Source data

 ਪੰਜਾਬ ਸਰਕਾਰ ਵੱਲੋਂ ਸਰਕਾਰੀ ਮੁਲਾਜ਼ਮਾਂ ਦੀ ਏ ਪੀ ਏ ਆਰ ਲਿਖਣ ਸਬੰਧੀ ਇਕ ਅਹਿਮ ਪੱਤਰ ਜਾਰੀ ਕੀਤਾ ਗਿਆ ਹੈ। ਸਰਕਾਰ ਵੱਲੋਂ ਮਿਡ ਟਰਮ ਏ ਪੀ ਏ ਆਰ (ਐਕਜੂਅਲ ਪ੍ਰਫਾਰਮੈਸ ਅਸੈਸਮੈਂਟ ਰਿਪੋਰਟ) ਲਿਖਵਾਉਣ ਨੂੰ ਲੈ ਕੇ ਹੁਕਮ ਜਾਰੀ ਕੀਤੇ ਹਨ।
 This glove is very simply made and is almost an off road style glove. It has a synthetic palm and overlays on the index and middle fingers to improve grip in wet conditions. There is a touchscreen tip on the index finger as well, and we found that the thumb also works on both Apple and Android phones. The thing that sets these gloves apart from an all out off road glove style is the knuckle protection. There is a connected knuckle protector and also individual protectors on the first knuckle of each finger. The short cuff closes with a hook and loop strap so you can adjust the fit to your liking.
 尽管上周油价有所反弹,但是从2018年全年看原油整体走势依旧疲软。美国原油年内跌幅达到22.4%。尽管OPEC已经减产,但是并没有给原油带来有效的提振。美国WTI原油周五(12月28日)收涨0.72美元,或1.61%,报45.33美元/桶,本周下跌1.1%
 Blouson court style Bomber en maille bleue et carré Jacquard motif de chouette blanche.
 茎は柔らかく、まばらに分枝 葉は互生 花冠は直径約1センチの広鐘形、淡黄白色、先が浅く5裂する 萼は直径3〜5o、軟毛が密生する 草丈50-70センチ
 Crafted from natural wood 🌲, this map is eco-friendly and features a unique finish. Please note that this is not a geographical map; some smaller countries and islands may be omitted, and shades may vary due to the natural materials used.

### Activity
In the answer, each line of the data must appear exactly as written.

### Exercise result
 ਪੰਜਾਬ ਸਰਕਾਰ ਵੱਲੋਂ ਸਰਕਾਰੀ ਮੁਲਾਜ਼ਮਾਂ ਦੀ ਏ ਪੀ ਏ ਆਰ ਲਿਖਣ ਸਬੰਧੀ ਇਕ ਅਹਿਮ ਪੱਤਰ ਜਾਰੀ ਕੀਤਾ ਗਿਆ ਹੈ। ਸਰਕਾਰ ਵੱਲੋਂ ਮਿਡ ਟਰਮ ਏ ਪੀ ਏ ਆਰ (ਐਕਜੂਅਲ ਪ੍ਰਫਾਰਮੈਸ ਅਸੈਸਮੈਂਟ ਰਿਪੋਰਟ) ਲਿਖਵਾਉਣ ਨੂੰ ਲੈ ਕੇ ਹੁਕਮ ਜਾਰੀ ਕੀਤੇ ਹਨ।
 This glove is very simply made and is almost an off road style glove. It has a synthetic palm and overlays on the index and middle fingers to improve grip in wet conditions. There is a touchscreen tip on the index finger as well, and we found that the thumb also works on both Apple and Android phones. The thing that sets these gloves apart from an all out off road glove style is the knuckle protection. There is a connected knuckle protector and also individual protectors on the first knuckle of each finger. The short cuff closes with a hook and loop strap so you can adjust the fit to your liking.
 尽管上周油价有所反弹,但是从2018年全年看原油整体走势依旧疲软。美国原油年内跌幅达到22.4%。尽管OPEC已经减产,但是并没有给原油带来有效的提振。美国WTI原油周五(12月28日)收涨0.72美元,或1.61%,报45.33美元/桶,本周下跌1.1%
 Blouson court style Bomber en maille bleue et carré Jacquard motif de chouette blanche.
 茎は柔らかく、まばらに分枝 葉は互生 花冠は直径約1センチの広鐘形、淡黄白色、先が浅く5裂する 萼は直径3〜5o、軟毛が密生する 草丈50-70センチ
 Crafted from natural wood 🌲, this map is eco-friendly and features a unique finish. Please note that this is not a geographical map; some smaller countries and islands may be omitted, and shades may vary due to the natural materials used.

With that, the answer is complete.